像素点:是指在由一个数字序列表示的图像中的一个最小单位,也称为像素。像素是整个图像中不可分割的单位或者是元素。每一个点阵图像包含了一定量的像素,这些像素决定图像在屏幕上所呈现的大小。一张图片由好多的像素点组成。例如图片尺寸是500×338的,表示图片是由一个500×338的像素点矩阵构成的,这张图片的宽度是500个像素点的长度,高度是338个像素点的长度,共有500×338=149000个像素点。把鼠标放在一个图片上,这个时候会显示尺寸和大小,这里的尺寸就是像素。
颜色值:即RGB(Red Green Blue,红绿蓝)色彩模式,是工业界的一种颜色标准,是通过对红(R)、绿(G)、蓝(B)三个颜色通道的变化以及它们相互 之间的叠加来得到各式各样的颜色的,RGB即是代表红、绿、蓝三个通道的颜色,这个标准几乎包括了人类视力所能感知的所有颜色,是运用最广的颜色系统之一。电脑屏幕上的所有颜色,都由这红色绿色蓝色三种色光按照不同的比例混合而成的。一组红色绿色蓝色就是一个最小的显示单位。屏幕上的任何一个像素点的颜色都可以由一组RGB值来记录和表达。在电脑中,RGB的所谓“多少”就是指亮度,并使用整数来表示。通常情况下,RGB各有256级亮度,用数字表示为从0、1、2...直到255。按照计算,256级的RGB色彩总共能组合出约1678万种色彩,即256×256×256=16777216。

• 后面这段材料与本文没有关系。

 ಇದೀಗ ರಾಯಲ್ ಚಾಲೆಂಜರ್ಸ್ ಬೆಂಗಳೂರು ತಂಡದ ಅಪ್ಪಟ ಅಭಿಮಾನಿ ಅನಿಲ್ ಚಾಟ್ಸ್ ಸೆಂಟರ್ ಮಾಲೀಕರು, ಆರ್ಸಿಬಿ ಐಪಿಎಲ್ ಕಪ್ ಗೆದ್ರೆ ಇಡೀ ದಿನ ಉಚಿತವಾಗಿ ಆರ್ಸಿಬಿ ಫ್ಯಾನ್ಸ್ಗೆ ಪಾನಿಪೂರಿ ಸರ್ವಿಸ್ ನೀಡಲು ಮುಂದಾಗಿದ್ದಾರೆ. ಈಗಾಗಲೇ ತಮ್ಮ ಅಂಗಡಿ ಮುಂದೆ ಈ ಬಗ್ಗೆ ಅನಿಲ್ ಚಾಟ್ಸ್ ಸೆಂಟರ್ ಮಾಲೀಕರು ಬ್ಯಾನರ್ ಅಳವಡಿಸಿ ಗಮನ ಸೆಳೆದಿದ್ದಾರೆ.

并查集:是一种用来管理元素分组情况的树型的数据结构,用于处理一些不相交集合(Disjoint Sets)的合并及查询问题。常常在使用中以森林来表示。并查集可以高效地进行如下操作:查询元素a和元素b是否属于同一组;合并元素a和元素b所在的组。
为了解决相关技术中的技术问题,本发明实施例提供了一种文本区域的定位方法及装置。本发明实施例提供的文本区域的定位方法可以应用于目标文本区域的定位场景、文本识别场景等。

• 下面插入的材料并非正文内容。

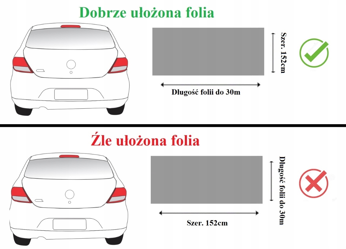Сучасні автомобілі мають вікна неправильної форми Щоб фольга належним чином скоротилася під дією тепла, її слід розташувати в правильному напрямку (термічна усадка тільки по довжині фольги). У галереї є фото того, як має розташовуватися фольга щодо скла.
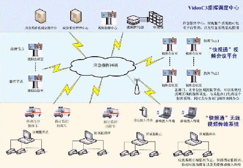 C3I視頻應急指揮協(xié)同系統(tǒng)在政府IP網(wǎng)絡中處于城市的神經(jīng)中樞。它將政府各個部門、單位聯(lián)系成為一個整體。在C3I視頻應急指揮協(xié)同系統(tǒng)的前端,由"快照通"無線視頻傳輸系統(tǒng)對政府所屬各個單位進行實時監(jiān)控,時刻掌握現(xiàn)場動態(tài),該部分支持固定點監(jiān)控,也支持移動指揮點和無線移動接入終端,保證了前方工作的靈活、機動性;在系統(tǒng)的指揮中心部分,由VideoC3指揮調(diào)度中心來支持,它一方面需要對前端的監(jiān)控信息進行控制,同時,要對整個政府進行綜合管理調(diào)度,在發(fā)生突發(fā)狀態(tài)的時刻,現(xiàn)場前端"快照通"捕獲的相應信息通過C3I系統(tǒng)平臺,迅速傳遞至指揮中心部分,政府管理人員通過VideoC3指揮調(diào)度中心對前端進行遠程指揮,在第一時間緊急處理現(xiàn)場突發(fā)事件;在整個C3I系統(tǒng)中,政府各個部門、單位之間通過"快視通"視頻會議平臺進行辦公交流,支持各部門間的協(xié)同辦公,同時,也可以通過其實現(xiàn)對所屬區(qū)域的指揮調(diào)度。

下面对本申请实施例的技术方案能够适用的应用场景做一些简单介绍,需要说明的是,以下介绍的应用场景仅用于说明本申请实施例而非限定。在具体实施时,可以根据实际需要灵活地应用本申请实施例提供的技术方案。
为进一步说明本申请实施例提供的技术方案,下面结合附图以及具体实施方式对此进行详细的说明。虽然本申请实施例提供了如下述实施例或附图所示的方法操作步骤,但基于常规或者无需创造性的劳动在所述方法中可以包括更多或者更少的操作步骤。在逻辑上不存在必要因果关系的步骤中,这些步骤的执行顺序不限于本申请实施例提供的执行顺序。
本发明实施例提供的文本区域的定位方法的一种应用场景可以参见图1所示,该应用场景中包括终端设备101、服务器102和数据库103。

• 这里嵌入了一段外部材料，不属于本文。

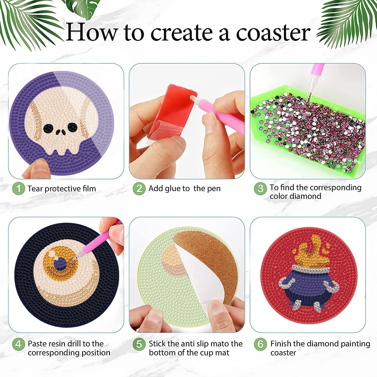 - Easy to Use - This Halloween diamond coasters kit includes all necessary tools to complete 8 coasters. Simply peel off the protective film on the coaster, find the rhinestones according to the numbers/letters on the coaster (corresponding numbers/letters are marked on the bags), and start creating. Finally, stick the cork pad on the back of the coaster. It's as easy as a paint by numbers kit for adults, making it a great addition to your arts and crafts collection.
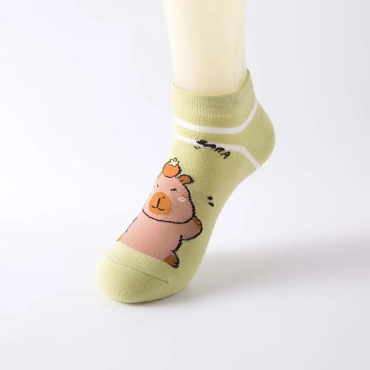 Kawaii Capybara Cotton Ankle Socks 🐾✨ Fun Summer Hosiery for Women - 5 Pairs!

其中,终端设备101为具有拍照或摄像功能,可以安装各类客户端,并且能够将已安装的客户端的运行界面进行显示的电子设备,该电子设备可以 是移动的,也可以是固定的。例如,手机、平板电脑、笔记本电脑、台式电脑、各类可穿戴设备、智能电视、车载设备或其它能够实现上述功能的电子设备等。客户端可以是视频客户端或浏览器客户端等。各终端设备101通过通信网络与服务器102连接,该通信网络可以是有线网络或无线网络。服务器102可以是客户端对应的服务器,可以是一台服务器或由若干台服务器组成的服务器集群或云计算中心,或者是一个虚拟化平台。
其中,图1是以数据库103独立于所述服务器102存在进行说明的,在其他可能的实现方式中,数据库103也可以位于服务器102中。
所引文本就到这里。